## Directions
Using the entries below, copy exactly each line from the line with "Figure 12. 3D" up to and including the line with "Hygieia will use", with every picture left out.
--- Information given ---
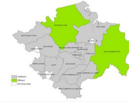
Fig. 1. Areas of Reference 4

The value of efficiency based on the VRS method shows slightly different results compared to the CRS method. Table 4 confirms that in some districts a number of input factors will increase the output as it occurs in the districts of Ogan Komerang Ilir and Ogan Komerang Ilir. When viewed by year of observation the results are more varied, the value of efficiency in the year 2015 is in Musi Banyuasin Regency, Ogan Komerang Ilir, Prabumulih City, South OKU. Then, in 2016, the value of efficiency was achieved in Musi Banyuasin Regency, Ogan Komerang Ilir, South OKU and Penukal Abab Lematang Ilir. Entering the year 2018, the composition of the area that has efficiencies in Musi Banyuasin, Ogan Komerang Ilir, Prabumulih and South OKU.
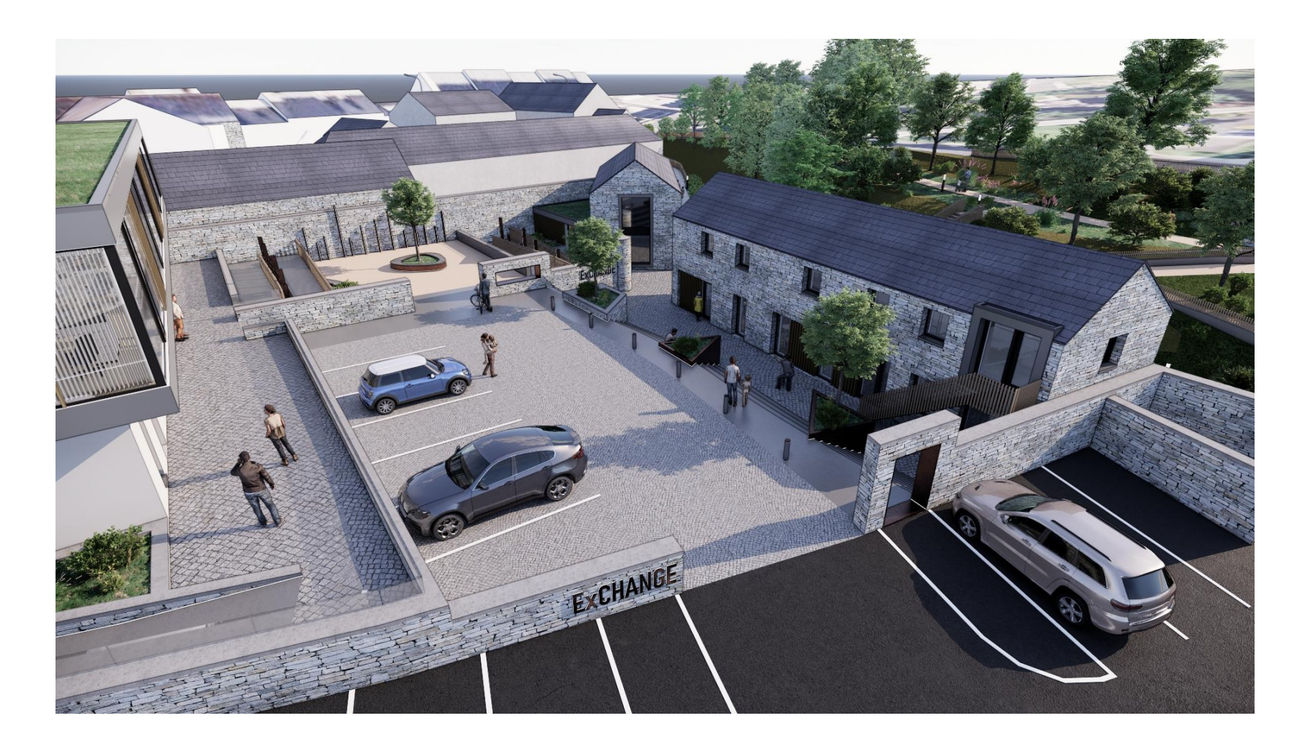
Figure 12. 3D Visual of the entrance to the new Carpark & public realm works – aerial view
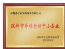
"Specialized and Special new" Enterprises in Shenzhen

Hygieia will use AI technology to quickly design and create new protein molecules, and combine new enzyme engineering technology to achieve more accurate, more efficient and more economical development of biological macro-molecular products and industrial biological enzymes, so as to achieve technological breakthroughs in the field of synthetic biology and protein engineering technology. Our products have been certified by many third-party testing institutions, including microqualitylab, SGS, Intertek,
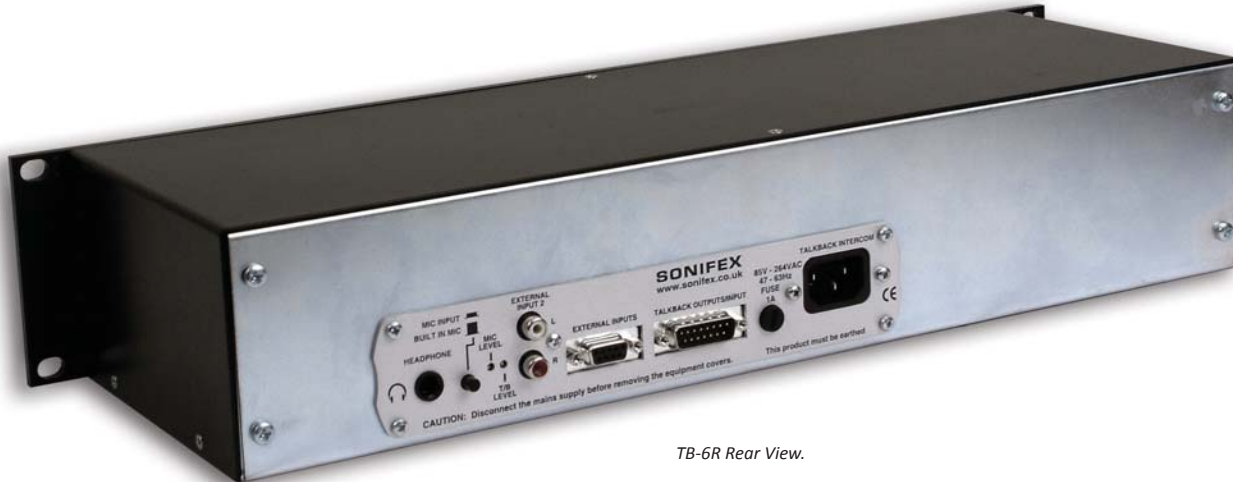
TB-6R Rear View.
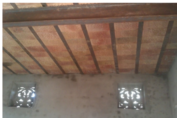
Internal Condition of Room
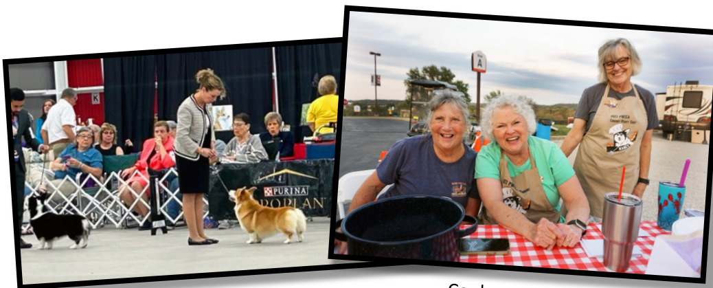
Working in the ring.
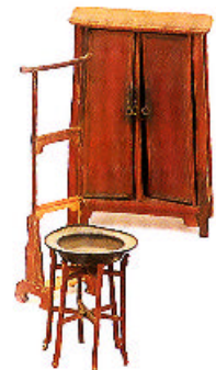
Similar cabinet excavated from Ming (1368-1644) tomb, Shanghai Museum

This sample tells exactly Ming-style scholar's cabinet usually made during the late Ming Dynasty through early Qing Dynasty (16 th – early 18 th century). For inexplicable reason this type of round-corner cabinets are also called in northern areas Miantiaogui (noodle cabinet). The top frame of the cabinet slightly protruding on three sides is called Guimao (cabinet's hat). The legs of such a cabinet were usually designed in a splayed way, being a little narrow on the upper part and wider at the lower level. This was supposed to help the door close up automatically in case the user
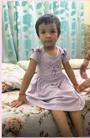
Heart Surgery of 3YO
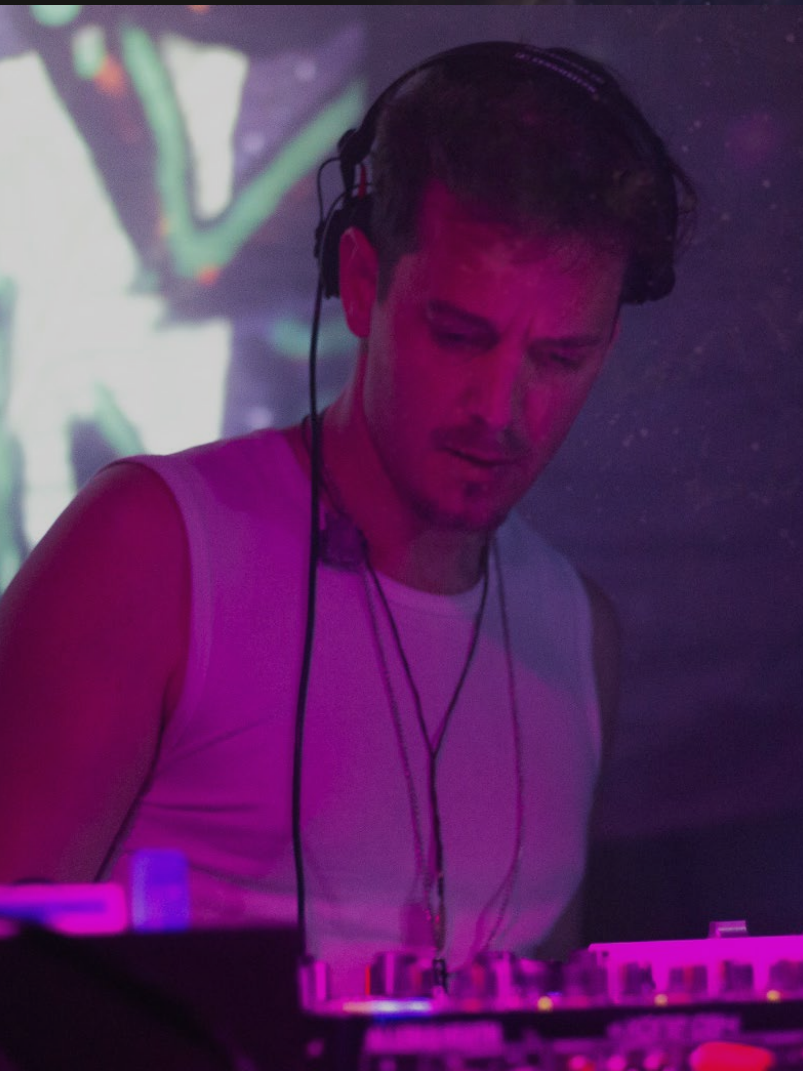
Feszek, Ungarn 2018
---
## Answer space
Figure 12. 3D Visual of the entrance to the new Carpark & public realm works – aerial view
"Specialized and Special new" Enterprises in Shenzhen

Hygieia will use AI technology to quickly design and create new protein molecules, and combine new enzyme engineering technology to achieve more accurate, more efficient and more economical development of biological macro-molecular products and industrial biological enzymes, so as to achieve technological breakthroughs in the field of synthetic biology and protein engineering technology. Our products have been certified by many third-party testing institutions, including microqualitylab, SGS, Intertek,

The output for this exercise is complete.